My very first machine learning project

During my first year at École Centrale de Lyon, I conducted my first research project which consisted in designing a machine learning approach for solving a selection and ranking problem, supervised by Pr Christian de Peretti. We reproduced state-of-the-art algorithms from scratch instead of using libraries, including principal components analysis [1], self-organising maps [2] (also referred as Kohonen networks) and a novel hierarchical clustering approach based on graph theory [3]. We then applied the end-to-end approach to financial data to solve the problem of building an efficient investment portfolio, in which one first needs to pick a finite number of assets from a possibly (very) large set and then rank these assets to compute their respective weights.

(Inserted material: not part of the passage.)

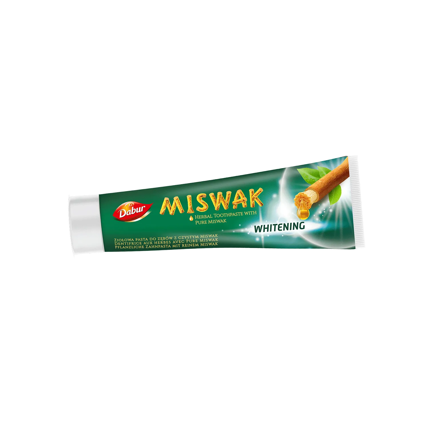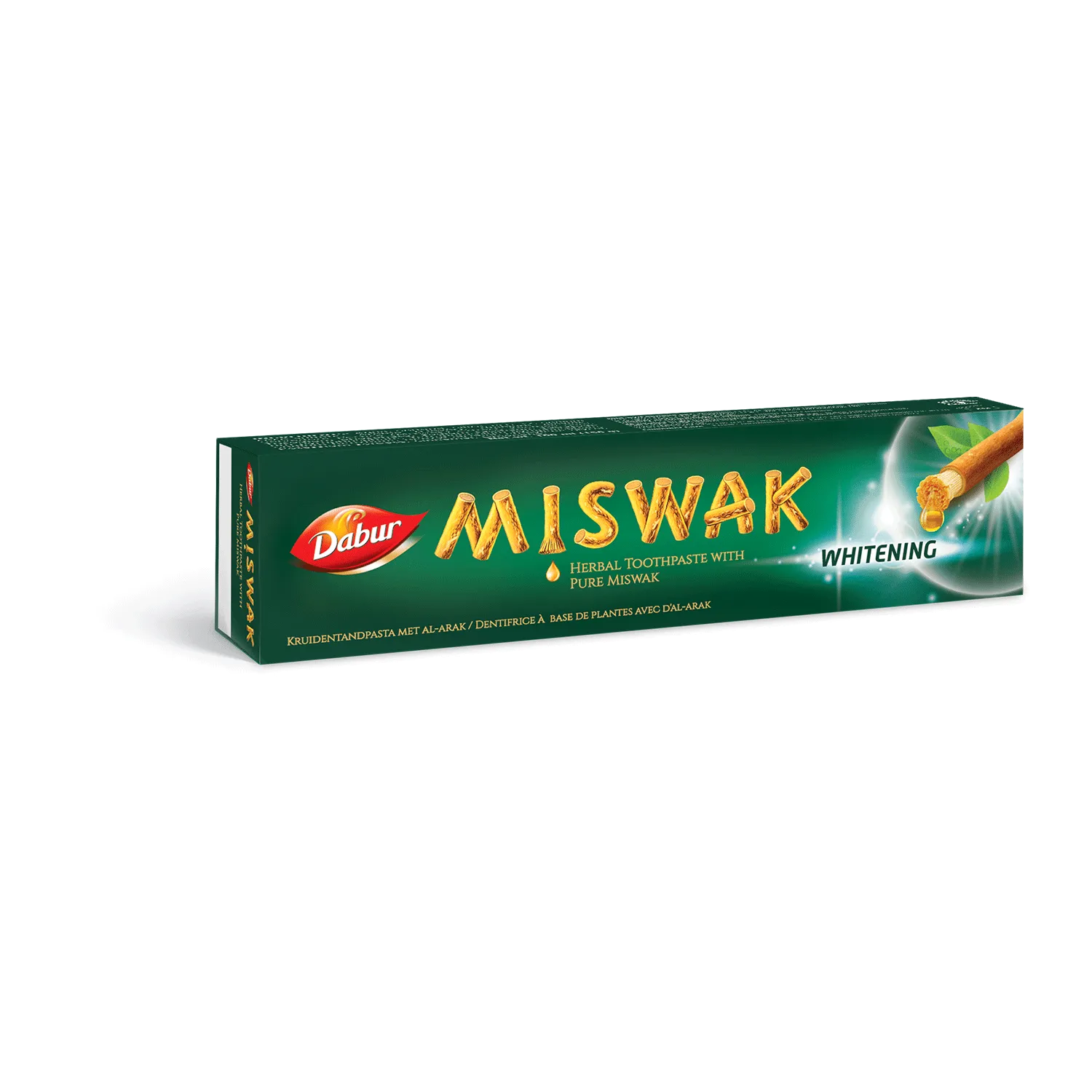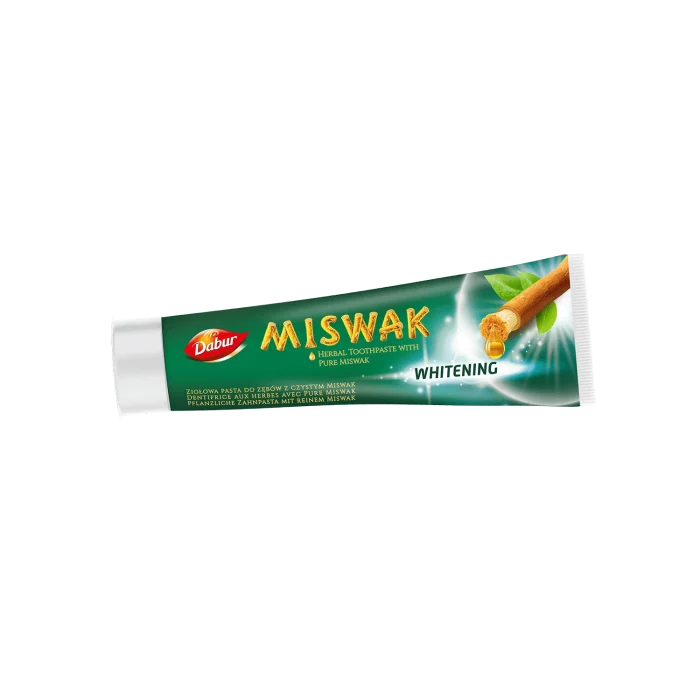 Билковата паста за зъби Dabur Miswak Whitening представлява чист екстракт от мисвак (Ал-арак), обогатена със съставки за нежно избелване на зъбите. Тя предлага естествено решение за по-ярка усмивка. Мисвак, известен със своите почистващи свойства, е в центъра на тази формула без флуорид, която осигурява освежаващо и ефективно почистване. Доверете се на силата на природата за нежно и естествено избелване на зъбите.

In fact, this is a good example where usual techniques for portfolio optimisation can not be applied since estimating covariances in high dimensions is challenging, referred as curse of dimensionality [4]. This research project was awarded both by academia, with our work being published at the university library [5] and by industry, being ranked first at a national competition organised by Google and others. I would approach the problem in many different ways now that I have more background in the field, but I do believe it was a very good starting point!

Studying machine learning

Statistics and Machine Learning at École Centrale de Lyon

My introduction to machine learning was through following the Centrale Lyon Machine Learning module taught by Pr Yohann de Castro and shared with École Normale Supérieure de Lyon. The courses were given by diving deep in fundamental concepts such as linear models, regularisation, decision trees, ensemble methods, dimensionality reduction or clustering. I really liked the way the lectures were given by explaining how things work in a big picture and then exploring the mathematical details via tutorials, and I think this is what gave me passion for understanding how machine learning algorithms work and how to reproduce them. Pr de Castro was also responsible of the core module in Probability and Statistics and I will always remember about the introduction example on interarrival bus waiting time estimation! It gave me a vision of statistics as a tool to model and extract information from collected data.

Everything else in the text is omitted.